There was a pause at the other end. “Did she say she was your wife?”
“No, but...”
“Then how do you know it was her?” The voice was calm, analytic, and there was a certain contempt for Owen’s panicky thinking. “Look,” the man continued, “I did it just like I planned it. I went in through the bedroom window you left unlatched and let her have it while she was listening to your show. She must have sensed me in the room. Funny thing was she didn’t scream or anything. She just said, ‘Owen sent you, didn’t he?’ I said, ‘Yeah, and he paid me a bundle.’ Then I hit her. If you know the right spot, it only takes once. I checked her pulse just to make sure. Luckily, she was still dressed, so I took her car out to Indian Point and dropped her over the edge. It must be five hundred feet down to the highway. A few cars will probably run over her in the fog before they find the body. All the loose ends have been tied together neatly. Nothing to worry about, pal. Not many of my clients have a live radio show for an alibi.”
Owen leaned against the wall. “Maybe you’re right. Maybe my nerves are getting the best of me.”
“Sure, and one more thing, pal.”
“What’s that?”
“You come blabbing over the phone again and you’ll join your missus.”
“Sorry to bother you.” Owen slammed down the phone.
The hit man was right. It must be his imagination. How could a woman, bludgeoned to death, dumped over the side of a cliff, and run over by some passing cars, pick up a phone and badger him over the air? No, the whole idea was ridiculous. If he had only continued the conversation, he would have found the caller to be a total stranger, another poor slob looking for a mental massage, just like the rest.
He went into the men’s room and washed his face with cold water. It made him feel a lot better. He looked at his face in the mirror. Fifty years old and he still had his good looks. Too good to waste on some over-the-hill crone who didn’t appreciate his celebrity status. There were plenty of young women out there aching to hook up with a radio personality like himself. After an appropriate period of mourning, Dr. Owen Stanford was determined to accommodate them.

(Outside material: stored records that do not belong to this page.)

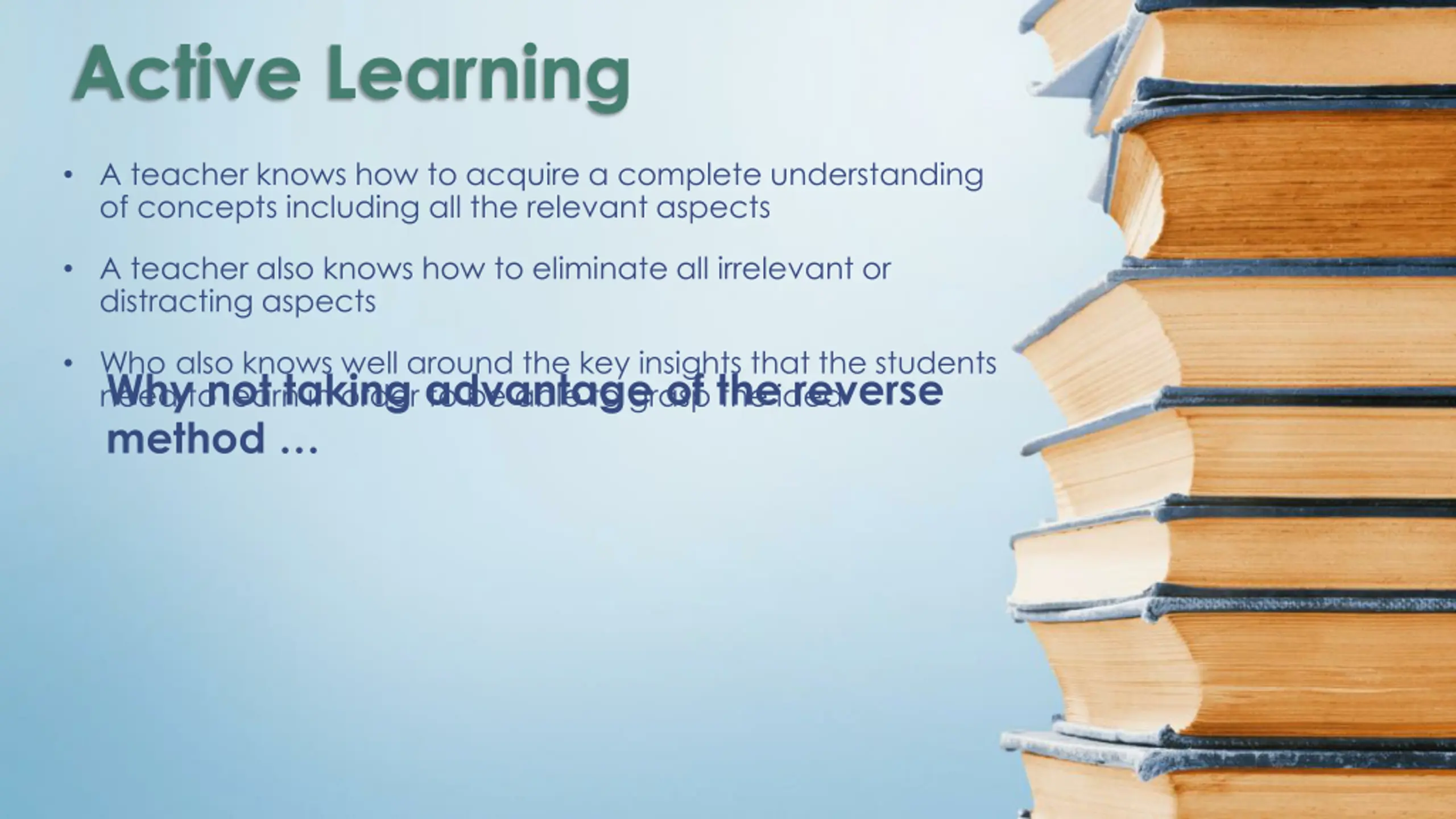Active Learning A teacher knows how to acquire a complete understanding of concepts including all the relevant aspects A teacher also knows how to eliminate all irrelevant or distracting aspects Who also knows well around the key insights that the students need to learn in order to be able to grasp the idea Why not taking advantage of the reverse method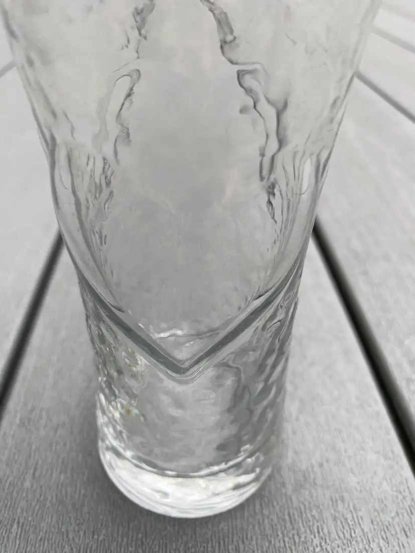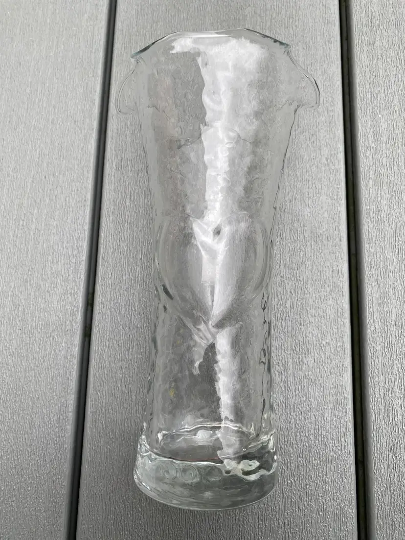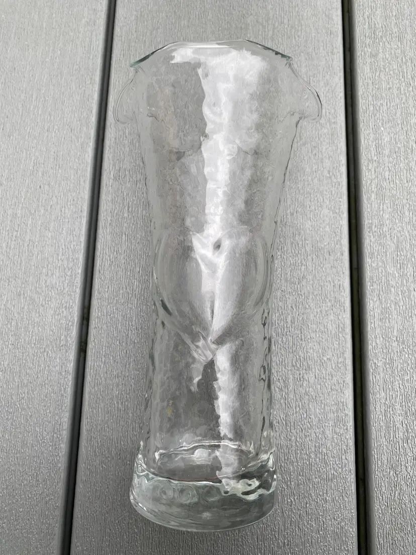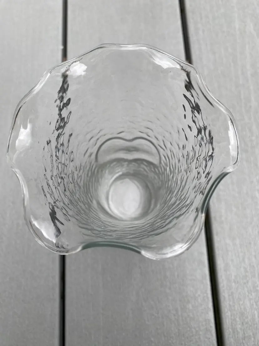 This is a pretty vintage ANCHOR HOCKING clear glass vase with a dimpled texture, ruffled top, and an embossed heart design. Would be a lovely gift!
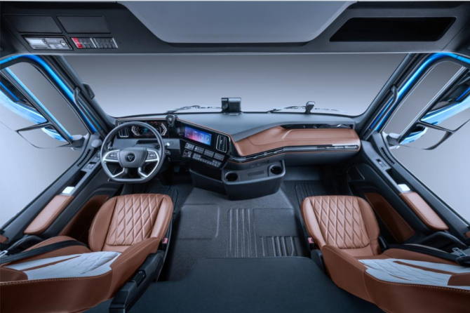 众所周知,驾驶室的舒适性对司机的驾驶效率至关重要。欧曼银河5 580燃气车采用全新内饰、时尚配色,为驾驶员打造了高标准驾驶环境。通过尺寸645mm,站立高度1835mm的驾驶空间,再加上双密封条设计大幅提升静谧性,让卡友舒享宽敞惬意座舱环境。可配置加热通风功能的座椅,无论冬夏都能让驾驶员坐得舒适;宽达1040mm 的超宽下卧铺,为驾驶员打造堪比居家卧室的休憩空间,有效缓解长途行车的肌肉疲劳与睡眠压力。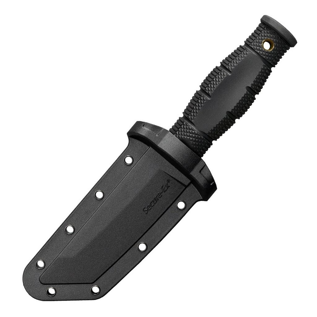 Nóż Mini Leatherneck firmy Cold Steel to uosobienie wielkości w kompaktowym i lekkim wydaniu. Model posiada głownię typu Tanto wykonaną ze stali nierdzewnej 8Cr13MoV o satynowym wykończeniu. Wyprofilowana rękojeść została zrobiona z materiału Kray-Ex o antypoślizgowej fakturze, dzięki czemu chwyt dobrze przylega do dłoni i pozwala na komfortową pracę. Otwór na zakończeniu umożliwia zamocowanie linki i stworzenie oplotu na nadgarstek. Nad bezpieczeństwem pracy czuwa obustronny jelec, który chroni palce przed ich przypadkowym zsunięciem się na krawędź tnąca. W zestawie znajduje się wielofunkcyjna pochwa z tworzywa Secure-Ex posiadająca liczne otwory na krawędziach, dzięki czemu możemy zamocować ją do plecaka lub zawiesić na szyi i wygodnie transportować nasz nóż

He ran through the next few hours in his mind. If he didn’t get a call from the cops first, he would go straight home from the studio and report Marcia’s disappearance. They would find her empty car at the top of Indian Point and her body hundreds of feet below on the highway. Of course he would mention her recent depression. The thought made him smile. Marcia was nothing if not depressing.